Notice the arm is rectangle and not D shaped. 

The installer probably used this to use up spare parts.


----------



## Jason Whiddon (Aug 17, 2006)

The middle one looks screwy


----------



## CABill (Mar 20, 2005)

A 1000.2 can use the integrated switch with 3 fixed LNBs or replace the integrated switch with 3 individual LNBs connected to external switches. The integrated version can't be used with DISH Pro switches (only DPP) so if someone already had DP34 switches and two coax runs to a dual tuner receiver, it would probably be less expensive to use individual LNBs and the existing DP34(s). The W bracket for the individual LNBs (could even be legacy LNBs feeding a SW64) is specific to the 1000.2 and isn't interchangable with other W brackets (rectangular / D already mentioned).

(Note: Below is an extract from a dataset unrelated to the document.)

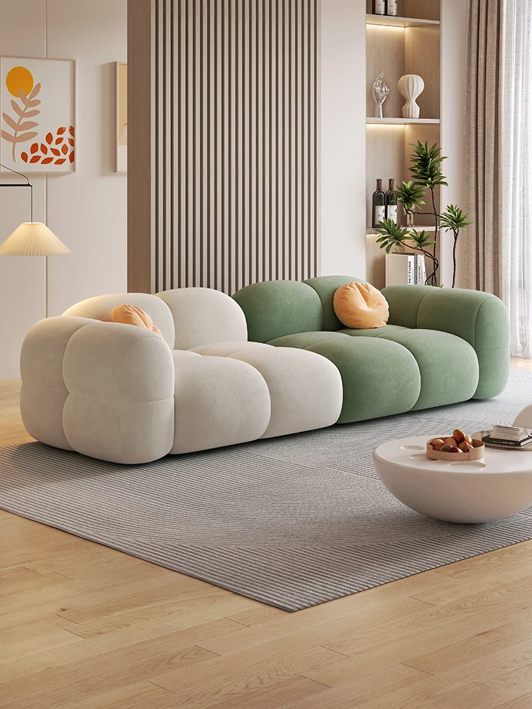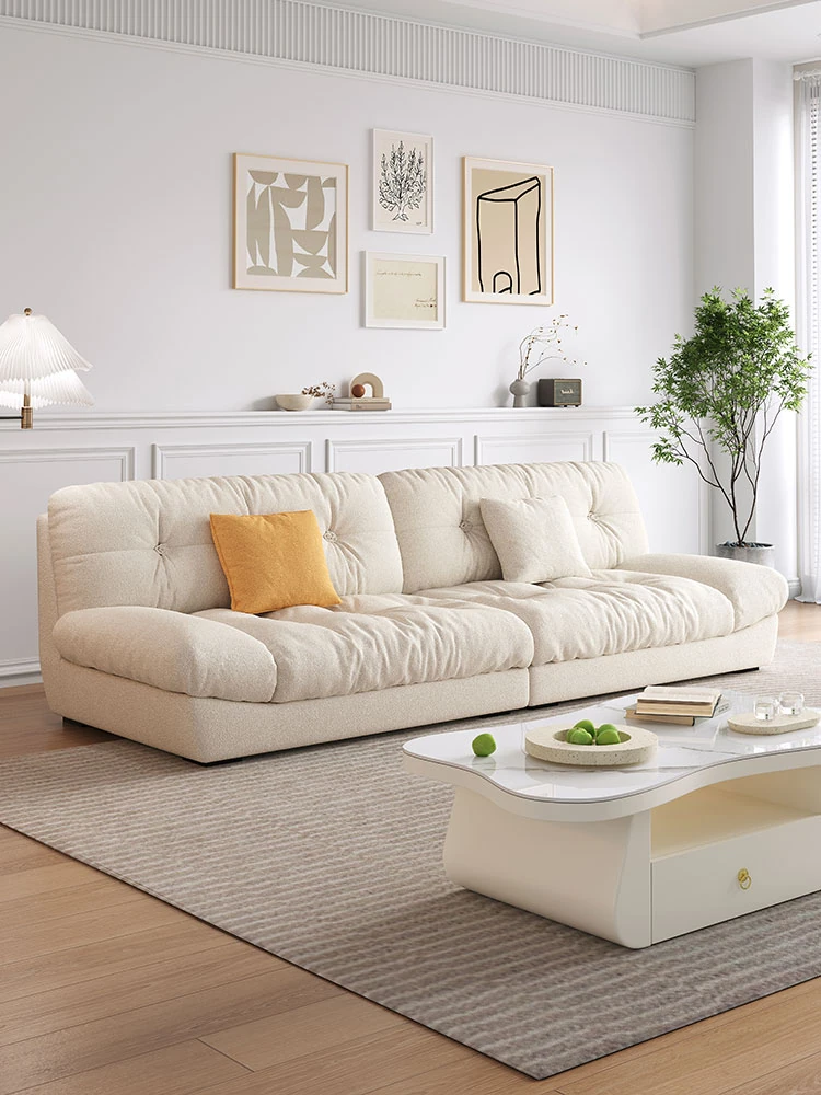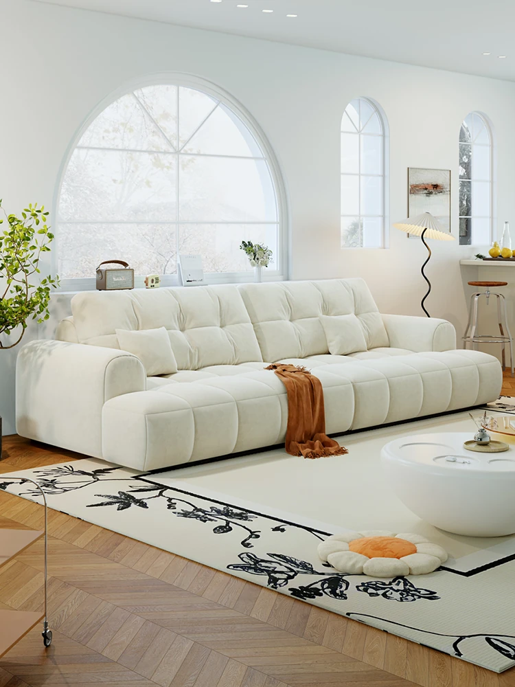 クリーミーな風合い!モダンなクラウドソファ - 小型リビングにもぴったりな直線型キューブソファ。SNSで話題のアパートにも最適な綿菓子のような座り心地!

There is an Install Guide for the 1000.2 at http://www.sadoun.com/Sat/Products/Dishnetwork/Dishes/Dish-1000point2.htm. The "Quick facts" link on that page would cover it with less reading.


----------



## scoobyxj (Apr 15, 2008)

Thats a 1000.2 with a "W" bracket on it. More than likely they had an old Super Dish that had been equipped with a 129* repoint kit, and it got damaged somehow. Sense we don't install Super Dishes anymore they get replaced with the 1000.2 with a "W" bracket.

Actually if you look closely where the reflector is bolted to the skew plate it appears that this one is bent as well.


----------